__Task instructions__.
Please retype the data below line for line and leave out every picture.

__Data shown__.
※ ※ ※

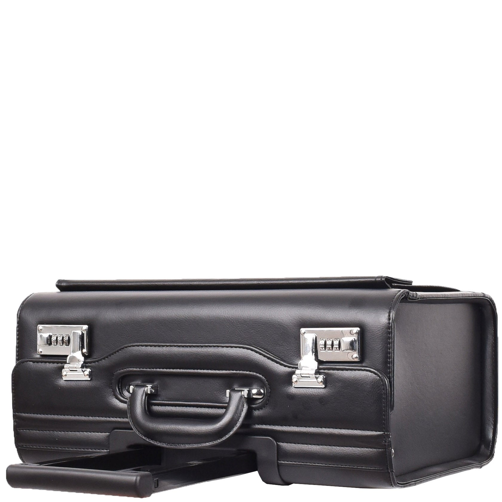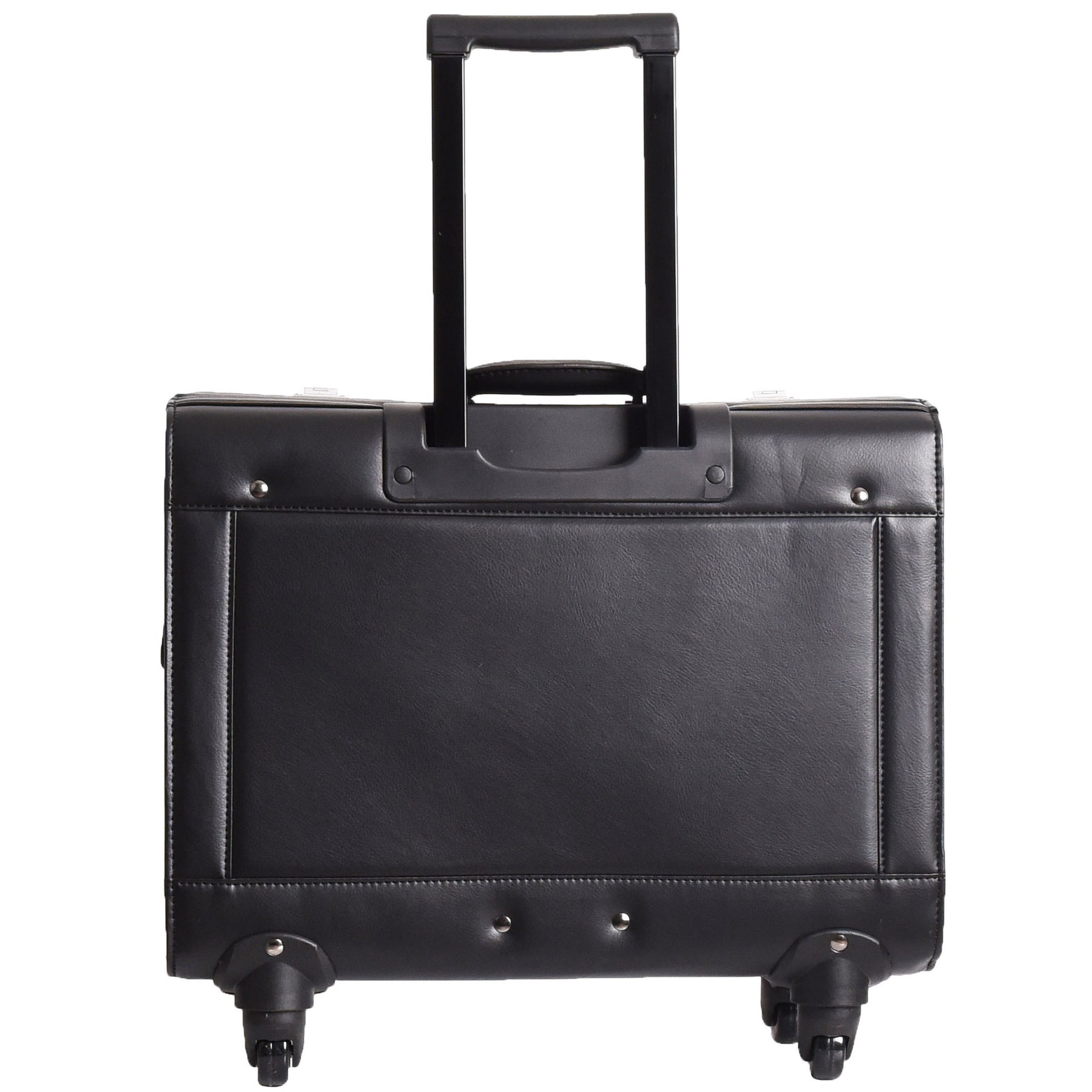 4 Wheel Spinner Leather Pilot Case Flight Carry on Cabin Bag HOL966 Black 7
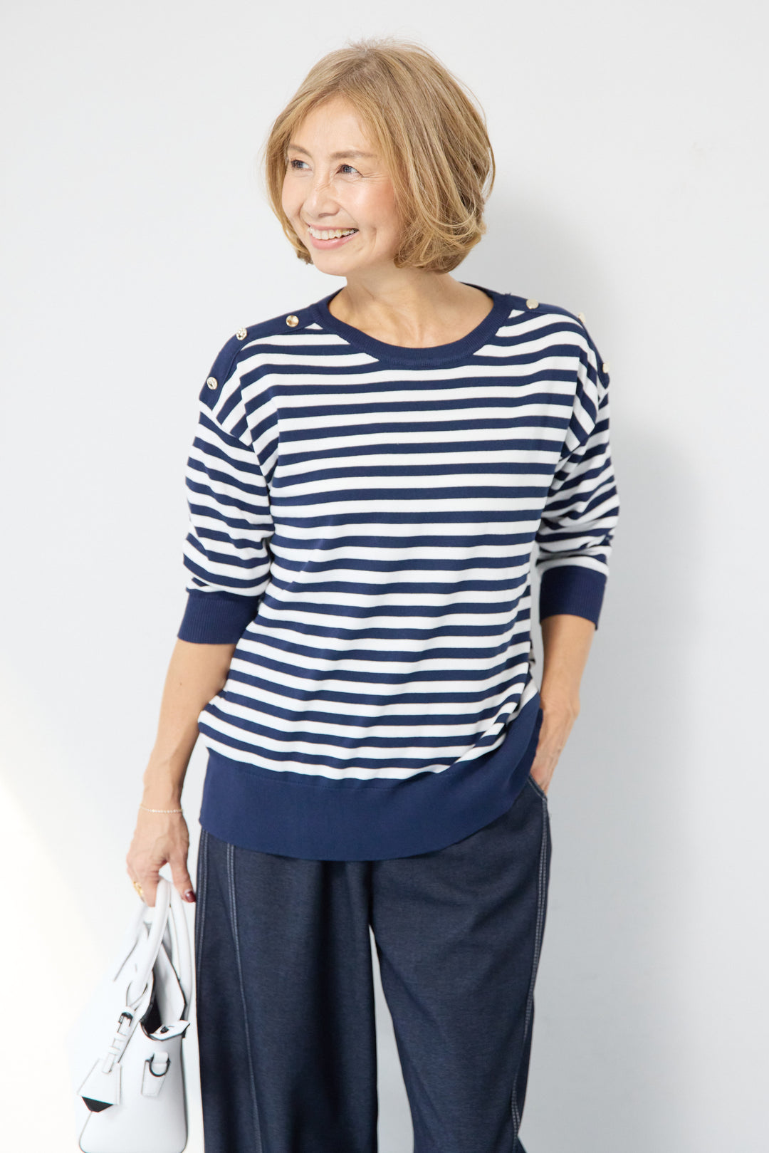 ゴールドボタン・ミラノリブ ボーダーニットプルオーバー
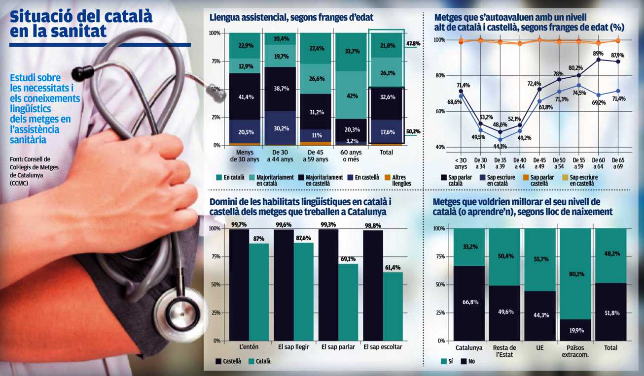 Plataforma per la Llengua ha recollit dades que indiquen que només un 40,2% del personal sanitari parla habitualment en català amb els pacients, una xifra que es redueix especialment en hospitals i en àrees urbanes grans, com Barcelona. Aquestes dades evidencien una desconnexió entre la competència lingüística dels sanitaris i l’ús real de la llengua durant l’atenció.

※ ※ ※

__Reply__.
 4 Wheel Spinner Leather Pilot Case Flight Carry on Cabin Bag HOL966 Black 7
 ゴールドボタン・ミラノリブ ボーダーニットプルオーバー
 Plataforma per la Llengua ha recollit dades que indiquen que només un 40,2% del personal sanitari parla habitualment en català amb els pacients, una xifra que es redueix especialment en hospitals i en àrees urbanes grans, com Barcelona. Aquestes dades evidencien una desconnexió entre la competència lingüística dels sanitaris i l’ús real de la llengua durant l’atenció.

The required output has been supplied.